The most important problems in economics involve:

  1. Monetary Sovereignty describes money creation and destruction.
  2. Gap Psychology describes the common desire to distance oneself from those “below” in any socio-economic ranking, and to come nearer those “above.” The socio-economic distance is referred to as “The Gap.”

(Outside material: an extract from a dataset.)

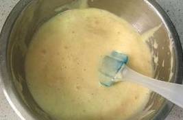 第二天早晨,把已發酵的面糊用勺子輕輕地攪動,把裡面的空氣都排出去。再將蔥、火腿腸切成丁,加點食鹽,繼續攪拌至均勻。
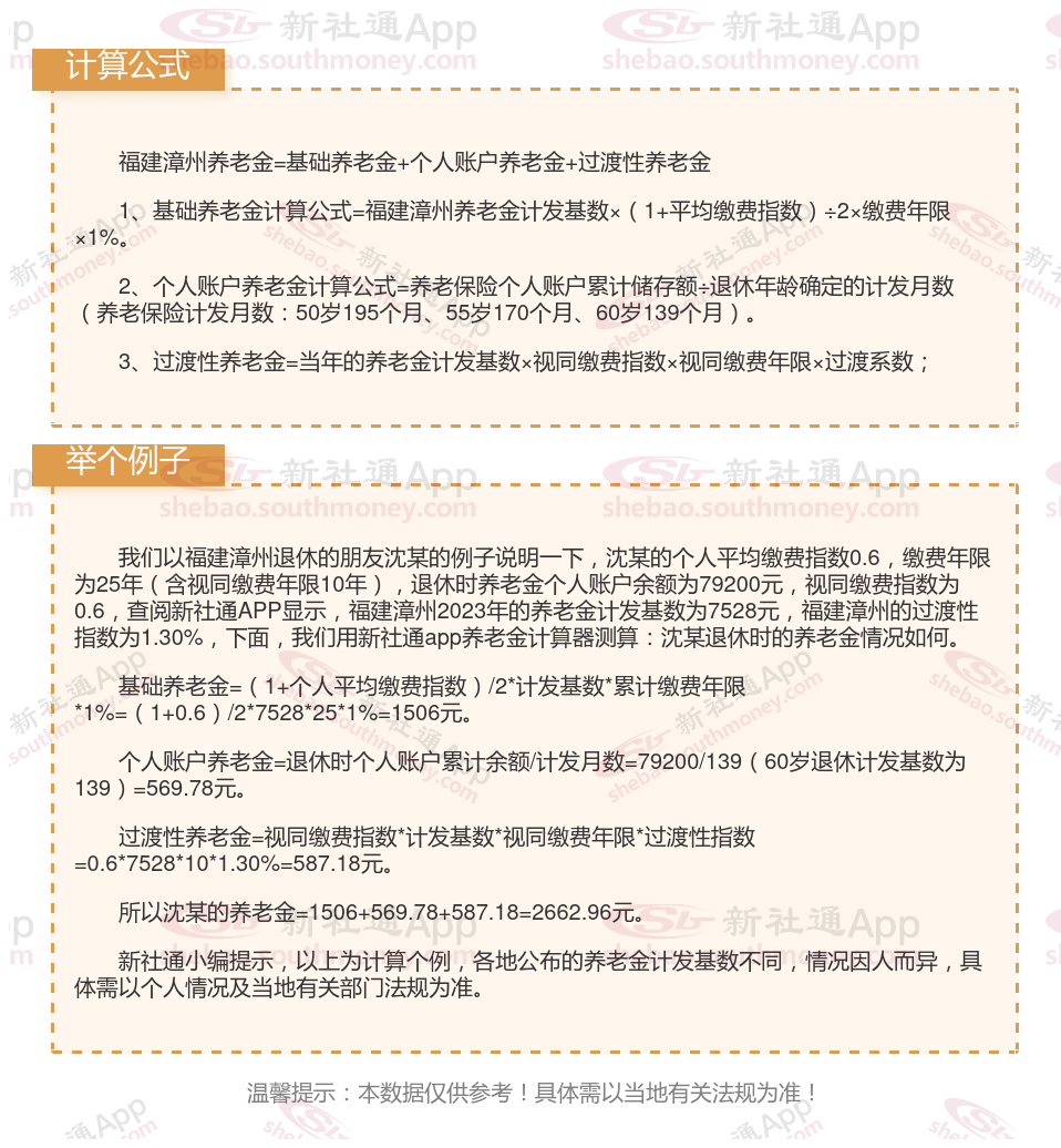 福建漳州养老金计算公式2024年计算方法(在线计算器)

Wide Gaps negatively affect poverty, health and longevity, education, housing, law and crime, war, leadership, ownership, bigotry, supply and demand, taxation, GDP, international relations, scientific advancement, the environment, human motivation and well-being, and virtually every other issue in economics. Implementation of Monetary Sovereignty and The Ten Steps To Prosperity can grow the economy and narrow the Gaps:

Ten Steps To Prosperity:

  1. Eliminate FICA
  2. Federally funded Medicare — parts A, B & D, plus long-term care — for everyone
  3. Social Security for all
  4. Free education (including post-grad) for everyone
  5. Salary for attending school
  6. Eliminate federal taxes on business
  7. Increase the standard income tax deduction, annually. 
  8. Tax the very rich (the “.1%”) more, with higher progressive tax rates on all forms of income.
  9. Federal ownership of all banks
  10. Increase federal spending on the myriad initiatives that benefit America’s 99.9% 

The Ten Steps will grow the economy and narrow the income/wealth/power Gap between the rich and the rest.